Monday, October 30, 2023

Not.... Exactly....

So I try not to feature the same label for two weeks in a row, but last week's post, although it featured a record on Preview, that record wasn't actually a song-poem, being something nearly unique - a vanity release from that label. I decided another Preview record wasn't a bad idea, and here it is: 


It's always fun to see some poor grammar in a song-poem title. I mean, the labels could have corrected any of these, had they chosen to, but perhaps they feared (or actually ran into) song-poets who would complain that "you changed my song title". In this case, "You're Not Exactly What I Ask For" could have been saved with just a little "ed", and if the song-poet had "experience" just a little more ED in her life, mayhap she would have "know" that. 

Anyway, if this was a true "first person" song - that is, if the song-poet was writing about her own life - let's hope she did not play her song for the object of her apparently limited affection.
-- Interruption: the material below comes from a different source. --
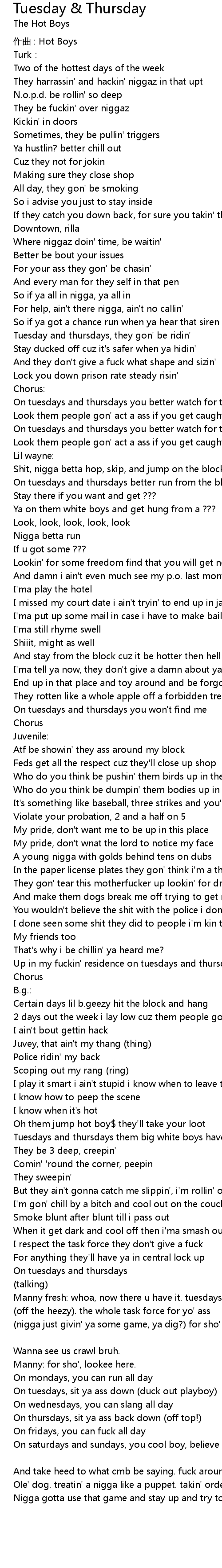 | Tuesdays and thursdays them big white boys have a nigga spooked | |

Because the point of the song is that she's pretty sure there is a guy out there that she'd MUCH rather be with, but it's clear to her now that's probably never going to happen, so she's going to settle. And she's going to hope she comes to love the big lug who has given her his life, love and laundry. And his house! God help him if the other guy "comes along". The song of a deeply ethically challanged, er, challange woman. 

Barbara Foster is the performer, and I believe I understand correctly that this is the same singer who became better known as Bobbi Blake on MSR and who also pops up quite frequently a one of The Real Pros on Cinema. 

I'll also note that this song seems to go on forever. Surely, at three and three quarter minutes long, it's in the upper five percent of song-poems in length.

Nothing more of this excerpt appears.